Public Service Co. of Oklahoma v. Crane Co.

48 F.R.D. 424 | N.D. Okla. | 1969

ORDER

DAUGHERTY, District Judge.

The Defendant Black & Veatch, Consulting Engineers, a partnership, moves to make certain insurance companies, who have paid a part but not all of Plaintiff’s loss, additional parties plaintiff herein pursuant to Rule 17(a), F.R. Civ.P., 28 U.S.C.A. The Defendant Crane Company supports said Motion. The Plaintiff Public Service Company of Oklahoma opposes the Motion. The issue presented by this Motion has been briefed by the parties involved.

Our Circuit has held in Gas Service Company v. Hunt, 183 F.2d 417 (10 Cir. 1950), that upon timely motion insurance companies possessing substantive rights in the litigation by way of subrogation should be joined as parties plaintiff pursuant to Rule 17(a), F.R.Civ.P. Other Courts have reached the same conclusion1 but other courts have disagreed,2 particularly when the action is brought by the insured and a state rule prohibits the splitting of causes of action in tort. Oklahoma has such a prohibition. Lowder v. Oklahoma Farm Bureau Mutual Insurance Co., 436 P.2d 654 (Okl. 1968). Under Oklahoma law if this case were proceeding in the state courts of Oklahoma (it is here only because of diversity) the insurance companies would not be necessary parties plaintiff, need not be joined by the Plaintiff and the Defendant by motion could not require their joinder. Travelers Insurance Company v. Leedy, Okl., 450 P.2d 898 (1969) (Mandate issued March 13, 1969); McMahan v. McCafferty, 205 Okl. 656, 240 P.2d 443 (1952); Stanley v. Sweet, 202 Okl. 448, 214 P.2d 906 (1950).

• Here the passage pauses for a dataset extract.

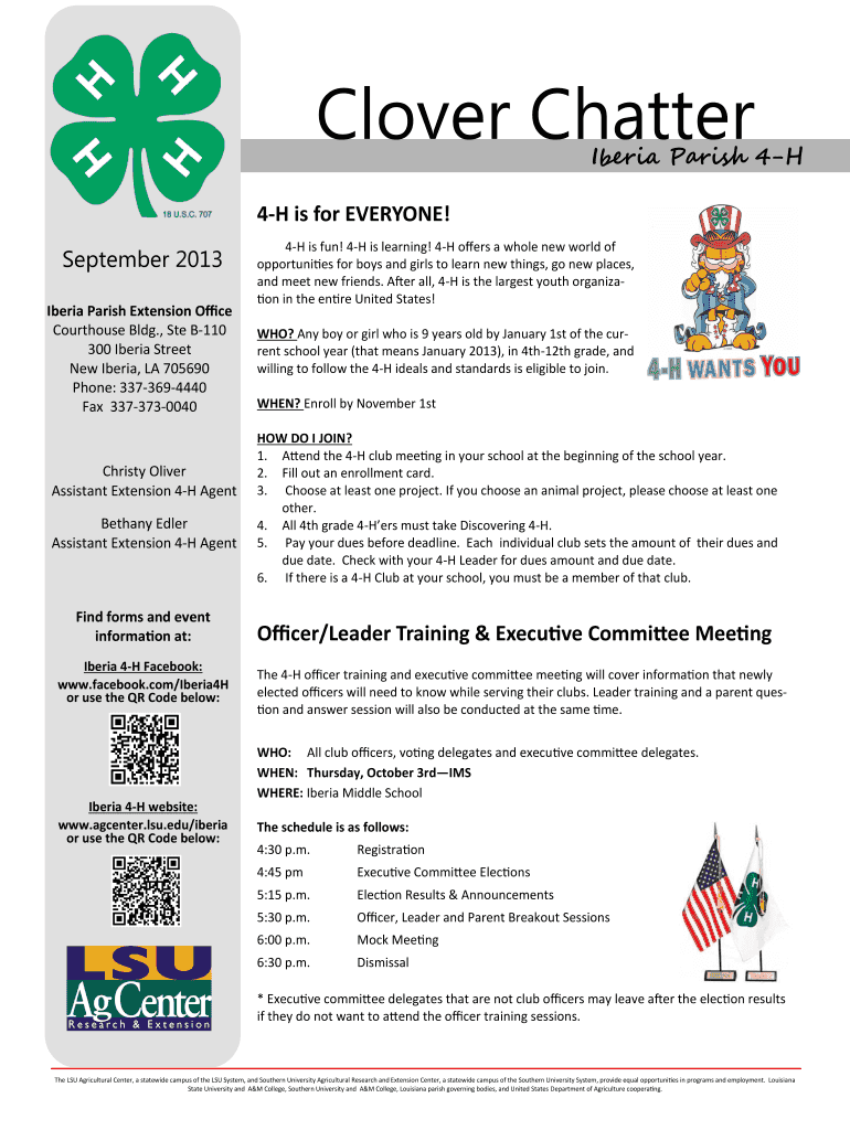This document provides information about the Iberia Parish 4-H program, including enrollment details, event information, and club activities for youth interested in 4-H. It highlights the benefits

The Court is constrained to follow Gas Service Company v. Hunt, supra, as the announced rule of this Circuit and grant the Motion under consideration. Plaintiff’s position that the insurance companies are not real parties in interest in this case runs afoul of Gas Service Company v. Hunt as the Motion under consideration is deemed to be timely made and no argument is made that it is not. In granting the Motion, the Court would hope that our Circuit would see fit to overrule Gas Service Company v. Hunt for prospective application in cases where the insured brings the action for the entire loss and a rule prohibits another suit by anyone having an interest in the Plaintiff’s cause of action. This will permit the parties to litigate their controversy strictly on its merits without the presence of an insurance company as a party to the action and the strong possibility that such presence will generate prejudice or favoritism in the jury process. Such a rule is nothing more than giving a plaintiff the same benefit of freedom from prejudice and favoritism before the jury regarding an insurance company as a party to the litigation which is afforded a defendant by the familiar rule that his insurance carrier may not be made a *426party defendant even though such carrier has, perhaps, the complete interest or liability in the case and will pick up the entire tab including the cost of defense.

With the foregoing expression of hope for a future change by our Circuit in the rule announced in Gas Service Company v. Hunt, supra, the Motion of Defendant Black & Veatch is granted and said Defendant may take the necessary action to bring in the insurance companies as additional parties plaintiff under the authority of Gas Service Company v. Hunt, supra.

. National Garment Company v. New York C. & St. L. R. Company, 173 F.2d 32 (Eighth Cir. 1949) ; Koepp v. Northwest Freight Lines, 10 F.R.D. 524 (D.C.Minn. 1950).

. Braniff Airways v. Falkingham, 20 F.R.D. 141 (D.C.Minn.1957) ; King v. Cairo Elk’s Home Association, 145 F. Supp. 681 (E.D.Ill.1956) ; DeWitt v. Quarterback Sports Federation, Inc., 45 F.R.D. 252 (D.C.Minn.1968) ; Ellsaesser v. Mid-Continent Cas. Co., 195 Kan. 117, 403 P.2d 185 (1965), 13 A.L.R. 3d 133; and see excellent annotation at 13 A.L.R.3d 140 and dissent of Circuit Judge Burger in City Stores Co. v. Lerner Shops of District of Columbia, Inc., 133 U.S.App.D.C. 311, 410 F.2d 1010 (1969).